Source: Scott Streater, E&E reporter • Posted: Thursday, June 7, 2012

The Sierra Club this week launched a new lobbying campaign designed to persuade Congress to extend a lucrative federal tax incentive that’s credited with expanding the wind power industry and supporting tens of thousands of jobs

The “Wind Works” campaign, which the Sierra Club formally launched yesterday, comes as President Obama continues to press Congress to extend the production tax credit (PTC) that’s set to expire at the end of the year.

The House Ways and Means Subcommittee on Select Revenue Measures plans to convene a panel of experts Friday to discuss the best way for Congress to deal with the extension of the wind PTC and more than 100 other temporary tax measures scheduled to disappear at year’s end (E&E Daily, June 4).

Obama placed the PTC extension on an election year “To Do List” of five actions that, if adopted, the White House contends “will create jobs and help restore middle class security” (Greenwire, May 8).

The American Wind Energy Association (AWEA) has estimated that 37,000 jobs across the industry are at risk next year if the tax credits expire. To underscore that point, Obama last month traveled to a wind-tower manufacturing plant in Newton, Iowa, to rip congressional Republicans for failing to already extend the PTC (E&E Daily, May 25).

“The ‘Wind Works’ campaign is the Sierra Club’s move to the next level, in advocating for renewable energy jobs and ensuring America transitions to a clean energy economy,” Dave Hamilton, clean energy director of the Sierra Club’s Beyond Coal Campaign, said in a statement. “Congress is holding thousands of high-quality American jobs in their hands, but every day of uncertainty for the industry is causing more delayed projects and more layoffs.”

The Sierra Club campaign will include tactics ranging from organizing the group’s 1.4 million members and supporters to take grass-roots action at the local level, to creating paid media advertisements, said Eitan Bencuya, a Sierra Club spokesman.

The group says that there are more than 400 manufacturing plants nationwide building wind components, such as turbines, and that wind power already supplies 20 percent of the electricity in states including Iowa and South Dakota. Altogether, the wind industry is on track to produce 20 percent of America’s electricity by 2030, according to the Sierra Club.

Indeed, 2011 was another strong year for the industry, according to AWEA, with the installation of more than 6,800 megawatts of wind power capacity.

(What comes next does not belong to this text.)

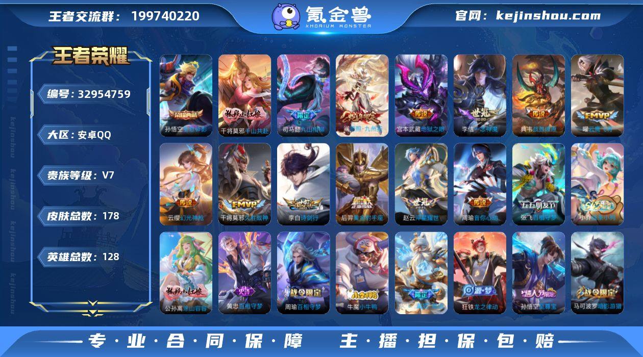 V7 1典藏 14传说 178皮肤 128英雄 【1水晶】孙悟空-全息碎影【14传说】李白-诗剑行,干将莫邪-久胜战神,宫本武藏-地狱之眼,后羿-黄金射手座,李信-一念神魔,赵云-淬星耀世,周瑜-音你心动,典韦-战鼓燎原,张飞-百相守梦,曜-云鹰飞将,云缨-幻光神枪,澜-愿照·九州拓,干将莫邪-千山共赴,司马懿-九山相柳【51史诗】元歌-无心,上官婉儿-神器·万象笔,高渐离-天秀·音浪,阿轲-节奏热浪,安琪拉-心灵骇客,白起-星夜王子,百里守约-特工魅影,百里玄策-热力回旋,曹操-幽灵船长,妲己-女仆咖啡,妲己-魅力维加斯,狄仁杰-魔术师,狄仁杰-鹰眼统帅,貂蝉-圣诞恋歌,伽罗-箭羽风息,宫本武藏-鬼剑武藏,花木兰-水晶猎龙者,黄忠-烈魂,橘右京-修罗,铠-曙光守护者,兰陵王-暗隐猎兽者,李元芳-逐浪之夏,廉颇-地狱岩魂,露娜-紫霞仙子,鲁班七号-电玩小子,吕布-圣诞狂欢,马可波罗-暗影游猎,墨子-金属风暴,沈梦溪-月团寄思,孙策-猫狗日记,孙尚香-水果甜心,孙尚香-时之恋人,孙悟空-至尊宝,王昭君-偶像歌手,夏侯惇-乘风破浪,小乔-缤纷独角兽,嬴政-摇滚巨星,嬴政-暗夜贵公子,张飞-乱世虎臣,赵云-皇家上将,赵云-龙胆,甄姬-冰雪圆舞曲,诸葛亮-黄金分割率,马可波罗-山海·玄木吟,狂铁-龙之律动,老夫子-藏狐·褐绒,牛魔-小牛...

The Bureau of Land Management, which has used public land to promote wind and other renewables development, has prioritized five large-scale wind projects for approval this year. Among them is the 1,000-turbine Chokecherry and Sierra Madre Wind Energy Project, which is proposed to sit on 320,000 acres of BLM and private ranch land in Carbon County, Wyo., and would be the largest wind farm in North America.

But it’s unlikely the wind industry will continue to grow without the PTC extension, Hamilton said, and that’s why the Sierra Club has established the new campaign.

“This campaign will ensure lawmakers know that Americans want clean energy solutions,” he said, “and that they won’t sit back while congressional inaction causes further job losses.”